Another method is disclosed in U.S. Pat. No. 4,891,969, which issued on Jan. 9, 1990. This method is carried out by measuring the temperature increase in a fluid mixture resulting from the absorption of energy from a microwave field. The theory disclosed in the patent is based on the principle that the resulting rise in temperature of each component is proportional to its electrical thermochemical properties. In this process the level of microwave field power must be increased at smaller water fractions in order to obtain a significant temperature increase. Prior to using the test apparatus it must be calibrated with the water under investigation alone, with the oil under investigation alone and with a number of mixtures comprising intermediate oil/water ratios. Consequently, the test apparatus has problems similar to those previously mentioned. The calibration results are used to program a microprocessor to calculate the oil/water ratio from the various readings of properties taken during the testing of a fluid.
Despite the various methods proposed to determine the oil/water ratio of fluid produced from a petroleum well, no commercially demonstrated technology is available which will reliably, accurately and inexpensively determine the ratio. Further, most methods measure water content and are generally less accurate in measuring mixtures of fluids where water comprises 95% or more of the fluid, i.e., a one percent error at a 99% water cut is equal to a 100% error in the oil measurement.
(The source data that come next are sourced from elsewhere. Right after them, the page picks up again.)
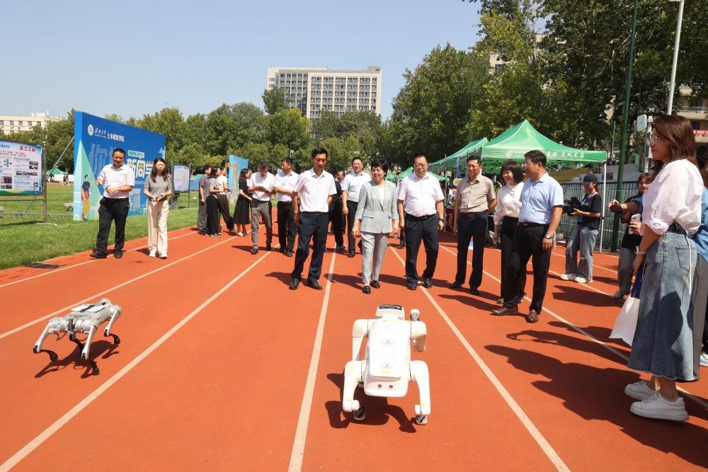 學院師生自主研發(fā)的“智能機器狗—小白”也來到了迎新現(xiàn)場,踢球、轉圈、握手,靈活的動作吸引了學生和家長上前互動?!靶“住钡木时憩F(xiàn),激發(fā)了新生對專業(yè)學習的興趣和熱情,也讓新生家長看到了機械學院在科技創(chuàng)新方面的實力和在人才培養(yǎng)方面的成果,對學院的教育質量和學生的發(fā)展前景充滿了信心。
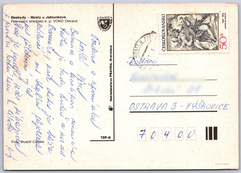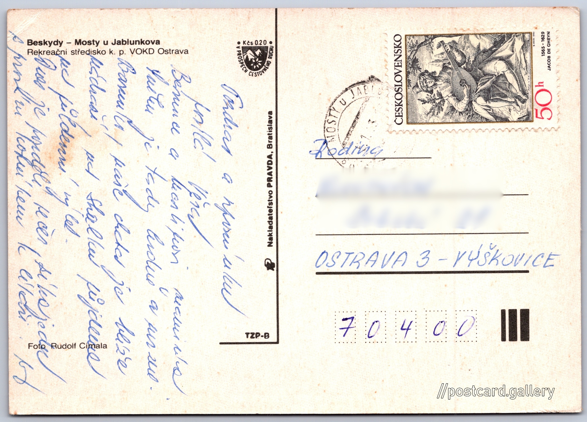 Mosty u Jablunkova Pokud chcete vidět pohlednice ve vyšším rozlišení nebo zobrazovat jejich zadní stranu, tak se prosím nejdříve přihlašte Přihlásit Zaregistrovat Mosty u Jablunkova Beskydy - Mosty u JablunkovaRekreační středisko k. p. VOKD Ostrava Jazyk tištěného textu na pohlednici: čeština Mosty u Jablunkova, Obec, Česko ukázat na mapě Přesné místo není známo. Pokud jej znáte, tak jej prosím napište do komentářů nebo označte na mapě Vydavatel: Nakladateľstvo PRAVDA, Bratislava (Československo) Datum vydání není známo Pomozte nám odhadnout datum vzniku pohlednice Velikost (š x v) a tvar pohlednice: 147 x 103 mm (5.79" x 4.06"), obdélník Osoby spjaté s touto pohlednicí: Rudolf Cimala(Autor fotografie) Prošlá poštou Ceny: Příplatek na tur. ruch: 0,20 Kčs (CSK))Vyplacené známky: 0,50 Kčs (CSK) DiskuseVložit příspěvek Přidat novou složku ... Spravovat složky ...
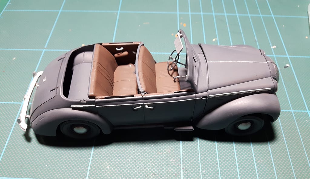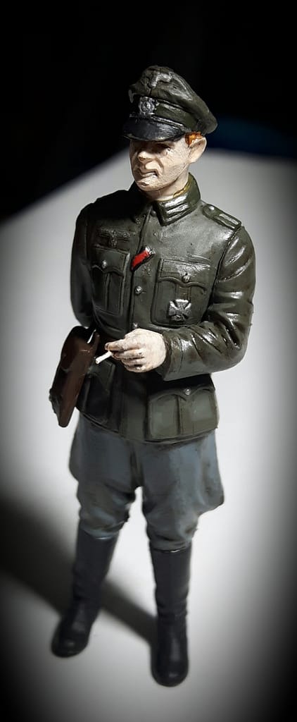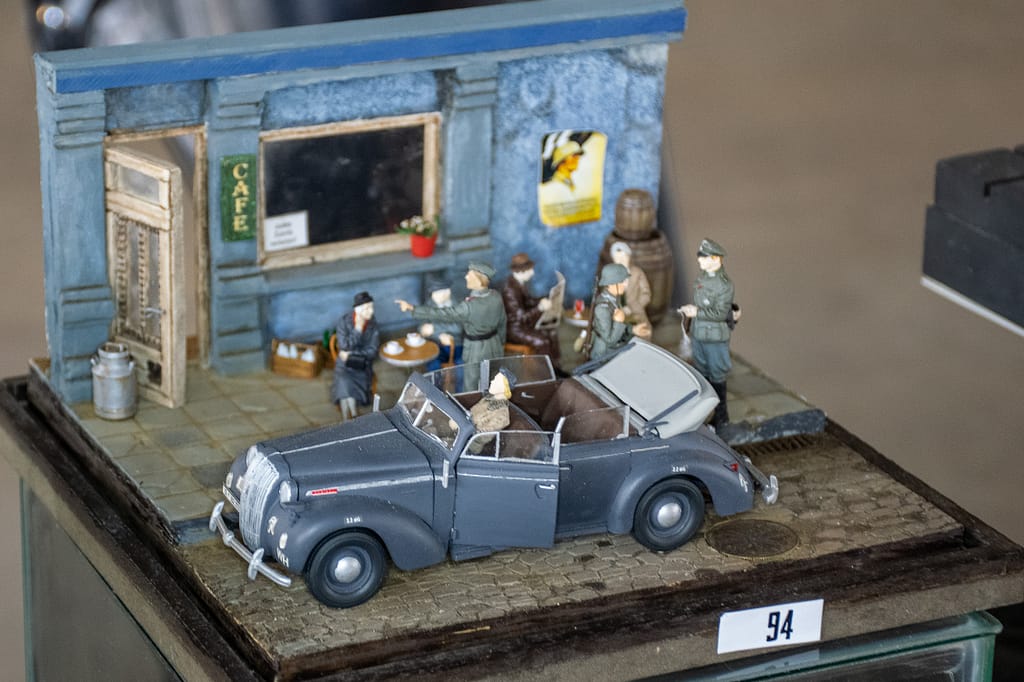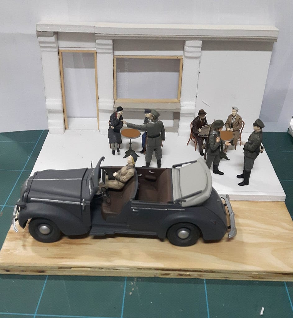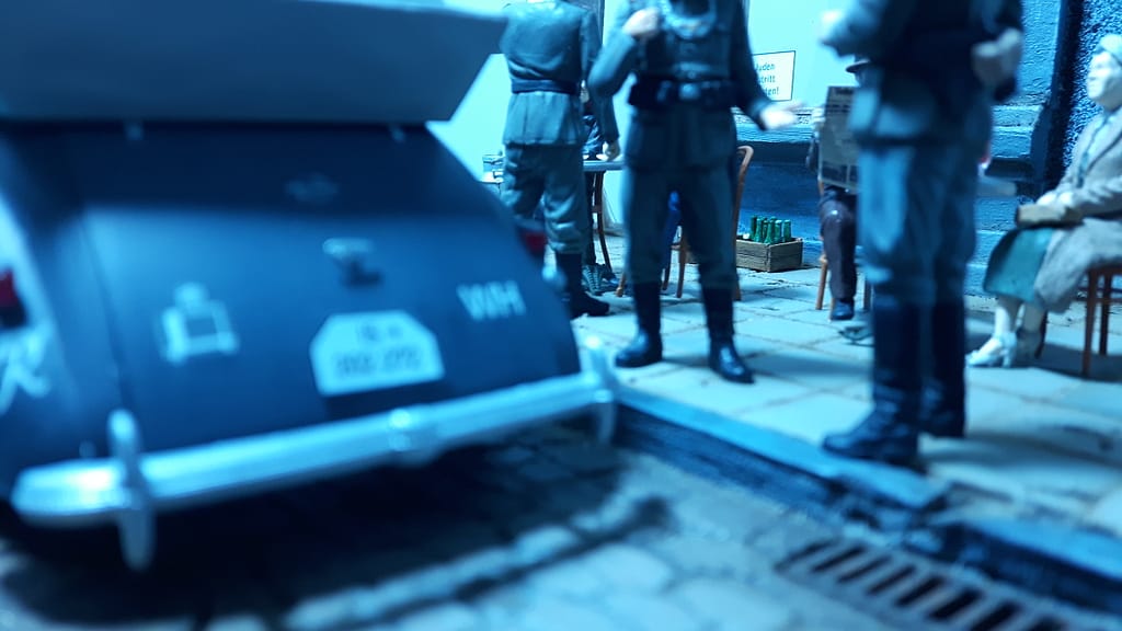 El vehículo es un German Staff Car “Admiral Cabriolet” de Revell, armado completamente “out of the box”. Su presencia —impecable, dominante— subraya la jerarquía del oficial alemán y contrasta con la vulnerabilidad de los civiles. La figura femenina en el asiento del acompañante refuerza la idea de privilegio dentro del contexto de ocupación. La puerta abierta indica que el oficial recién se ha bajado del vehículo.

While this discussion has been primarily in connection with measurement problems relating to fluid produced from a hydrocarbon formation, it is noted that similar measurement problems exist in connection with other fluid systems.
It is an object of the present invention to provide a method for determining the ratio of fluids in a two-component fluid system which is accurate over the entire range of ratios from 0% to 100%, uses commonly understood thermodynamic and instrumentation technology, requires no chemicals for phase separation, lends itself to automation, is not space or capital intensive and provides accurate results. More specifically in connection with the petroleum industry, it is an object of the invention to provide such a method which is applicable to the determination of the ratio of water and oil in a system comprised of these two liquids. The ability to use such a method in the field in a remote location would be of further benefit.